• _What to work on_: Make an exact copy of each entry, leaving out every picture.

• _Dataset_:
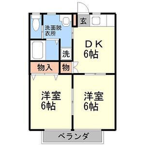 ブルージュエル B205 2DK/2階
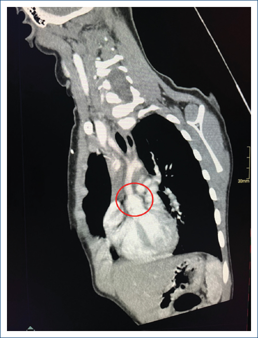 In the immediate post-operative period, bleeding was greater than usual, necessitating re-intervention. The patient was discharged 15 days after surgery with cardiological follow-up and is awaiting a new control chest angiotomography.
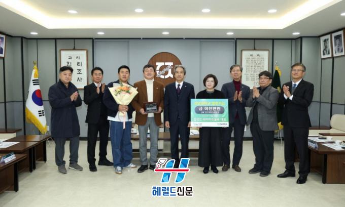 [Çì·²µå½Å¹® = ³ë½Â¾ð ±âÀÚ] Àü³²´ëÇб³(ÃÑÀå À̱ٹè)´Â 11¿ù 26ÀÏ(¼ö) ¿ÍÀ̸¶Æ®¹°·ù ±è¼ºÁø ´ëÇ¥·ÎºÎÅÍ ¹ßÀü±â±Ý 2õ¸¸ ¿øÀ» Àü´Þ¹Þ¾Ò´Ù°í ¹àÇû´Ù.
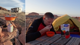 Nous faisons bouillir de l’eau dans ma toute dernière acquisition : ma casserole magique Sea to Summit ultra légère, pliable, en plastique, à part le fond en alu. Au menu du jour : Santa Fe Rice with Chicken et pomme au dessert, coupée avec mon Opinel made in Chambéry, Savoie et acheté chez REI. J’en avais marre de porter mes 227 grammes de couteau suisse. 43 grammes contre 227…
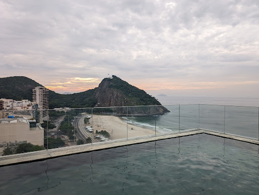 Read moreBooked this place based on Google Reviews about 8 months in advance on Expedia for $141 per night for a regular house room (including all fees and breakfast buffet for 2). Easy to use Uber from the GIG airport to here (25 minute ride at 11PM in evening for 112 reals / about $22 USD). The location is GREAT on the far far end of Copacabana beach (long walk from Ipanema) so you get the full view of the whole bay and beach. This is a quieter area, which is a plus in my opinion. The hotel is "ocean front" but across the road from the beach and near a number of good restaurants. Check-in staff were friendly and quick and we got a nice room facing the town (no problem, not spending any time in the room). Included WIFI worked fine, never had a long wait for the elevators, and overall the property is very nice. Our room was bigger than expected in such a big city and was in good shape and nice, with a refrigerator and safe. Shower was always good pressure and hot. Unfortunately, no in-room coffee. Even though the place seemed pretty full, we didn't hear a single noise at all at night, but I think they didn't have anyone in one of the rooms next to us. The breakfast buffet was above average (but limited variety of options) and enjoyable and worth adding to get your day going. The fresh fruit and fruit juices are definitely notable and worth enjoying. The servers kept our coffee cup full (nice, dark roast here). The rooftop pool and bar is NICE, like really NICE. We spent many enjoyable hours just having cheap local beers while enjoying the best view in Copacabana. We all agreed we would come back here for our next trip to Rio. The only small tiny annoyance was when I bought some ice cream at a local grocery store and asked at the front desk for a plastic spoon....they sent me to the restaurant.....who presented me an actual MFing menu of utensils that I could "order" to use in my room (I think it was about $2.00 for a full set). Ha, uh no thank you, you cheap nickel and diming chumps. Other than that, it was GREAT and IMO the best value in Rio...

• _Exercise solution_:
 ブルージュエル B205 2DK/2階
 In the immediate post-operative period, bleeding was greater than usual, necessitating re-intervention. The patient was discharged 15 days after surgery with cardiological follow-up and is awaiting a new control chest angiotomography.
 [Çì·²µå½Å¹® = ³ë½Â¾ð ±âÀÚ] Àü³²´ëÇб³(ÃÑÀå À̱ٹè)´Â 11¿ù 26ÀÏ(¼ö) ¿ÍÀ̸¶Æ®¹°·ù ±è¼ºÁø ´ëÇ¥·ÎºÎÅÍ ¹ßÀü±â±Ý 2õ¸¸ ¿øÀ» Àü´Þ¹Þ¾Ò´Ù°í ¹àÇû´Ù.
 Nous faisons bouillir de l’eau dans ma toute dernière acquisition : ma casserole magique Sea to Summit ultra légère, pliable, en plastique, à part le fond en alu. Au menu du jour : Santa Fe Rice with Chicken et pomme au dessert, coupée avec mon Opinel made in Chambéry, Savoie et acheté chez REI. J’en avais marre de porter mes 227 grammes de couteau suisse. 43 grammes contre 227…
 Read moreBooked this place based on Google Reviews about 8 months in advance on Expedia for $141 per night for a regular house room (including all fees and breakfast buffet for 2). Easy to use Uber from the GIG airport to here (25 minute ride at 11PM in evening for 112 reals / about $22 USD). The location is GREAT on the far far end of Copacabana beach (long walk from Ipanema) so you get the full view of the whole bay and beach. This is a quieter area, which is a plus in my opinion. The hotel is "ocean front" but across the road from the beach and near a number of good restaurants. Check-in staff were friendly and quick and we got a nice room facing the town (no problem, not spending any time in the room). Included WIFI worked fine, never had a long wait for the elevators, and overall the property is very nice. Our room was bigger than expected in such a big city and was in good shape and nice, with a refrigerator and safe. Shower was always good pressure and hot. Unfortunately, no in-room coffee. Even though the place seemed pretty full, we didn't hear a single noise at all at night, but I think they didn't have anyone in one of the rooms next to us. The breakfast buffet was above average (but limited variety of options) and enjoyable and worth adding to get your day going. The fresh fruit and fruit juices are definitely notable and worth enjoying. The servers kept our coffee cup full (nice, dark roast here). The rooftop pool and bar is NICE, like really NICE. We spent many enjoyable hours just having cheap local beers while enjoying the best view in Copacabana. We all agreed we would come back here for our next trip to Rio. The only small tiny annoyance was when I bought some ice cream at a local grocery store and asked at the front desk for a plastic spoon....they sent me to the restaurant.....who presented me an actual MFing menu of utensils that I could "order" to use in my room (I think it was about $2.00 for a full set). Ha, uh no thank you, you cheap nickel and diming chumps. Other than that, it was GREAT and IMO the best value in Rio...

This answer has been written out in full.